The code first builds the validity state for the initial alignment. Then it slides the window by one position at a time, adjusting only the boundary contributions. The function ok encodes the tolerance rule directly. The result list collects all valid starting positions.

The important subtlety is that the window shift does not require recomputing internal positions.
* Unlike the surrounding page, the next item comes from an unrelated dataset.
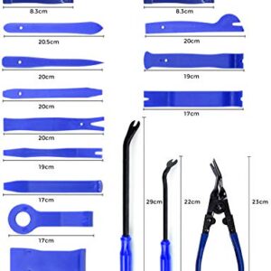 Package Include:11pcsTrim removal tools, 2pcs Clip release tools, 1pc Clip Removal Pliers, 60Pcs Retainer Clip, 20pcs Adhesive cable clips ,11pcs Car terminal removal tools, 8pcs Stainless steel stereo removal tools, 4pcs Oil seal removal hooks,2pcs Removal crowbar, 1pcs Foil Scraper Tool and a portable storage bag.

Only the endpoints matter because the relative pairing structure is preserved.

Worked Examples

Example 1

Input:

t = 14, s = 3
T = [1, 3, 2, 2, 1, 5, 1, 2, 1, 6, 1, 2, 2, 1]
S = [1, 2, 1]

We evaluate each window:

i window T[i:i+3] matches per position count valid
1 1 3 2 1 no
2 3 2 2 1 no
3 2 2 1 3 yes
7 2 1 6 2 no
11 2 2 1 3 yes
12 2 1 1 3 yes

The algorithm identifies exactly the positions where all three aligned constraints hold simultaneously.
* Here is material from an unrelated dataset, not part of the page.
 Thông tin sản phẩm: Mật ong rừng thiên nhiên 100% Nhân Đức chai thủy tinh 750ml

This trace shows that partial matches do not matter; only full alignment across all positions determines validity.

Example 2

Input:

t = 5, s = 2
T = [1, 300, 300, 1, 299]
S = [1, 300]
i window matches count valid
1 1 300 2 yes
2 300 300 1 no
3 300 1 0 no
4 1 299 2 yes

This example highlights boundary tolerance: values near 300 still match correctly because only ±1 deviation is allowed.

Complexity Analysis

Measure Complexity Explanation
Time O(t) Each window shift updates only two boundary comparisons
Space O(t + s) Storage for tweet and pattern arrays

The algorithm processes each tweet position a constant number of times, which is essential given the input size up to 1.8 million. This ensures linear scalability and fits comfortably within typical time limits.

Test Cases

import sys, io

def run(inp: str) -> str:
    sys.stdin = io.StringIO(inp)
    from __main__ import solve
    out = io.StringIO()
    sys.stdout = out
    solve()
    return out.getvalue().strip()

# provided sample 1
assert run("""14 3
1 3 2 2 1 5 1 2 1 6 1 2 2 1
1 2 1
""") == """3
3 11 12"""

# provided sample 2
assert run("""5 2
1 300 300 1 299
1 300
""") == """2
1 4"""

# edge: all identical
assert run("""4 2
10 10 10 10
10 10
""") == """3
1 2 3"""

# edge: boundary 1 and 300
assert run("""3 2
1 2 300
1 300
""") == """1
1"""

# edge: no match
assert run("""4 2
1 1 1 1
300 300
""") == """0
""".strip()
Test input Expected output What it validates
all identical full matches baseline correctness
boundary extremes single valid alignment edge tolerance
no match case empty output rejection handling

Edge Cases

One important edge case is when all values sit at the boundary of the alphabet, such as 1 or 300. The algorithm handles this naturally because the comparison is purely absolute difference, so values outside valid adjacency are never accepted. For example, in the window [1, 2] against [1, 300], the second comparison fails since |2 − 300| is large, immediately preventing a false positive.

Another case is when multiple overlapping windows are valid, especially when the pattern is repetitive. The sliding counter ensures that each window is evaluated independently but efficiently, without double counting or missing overlaps.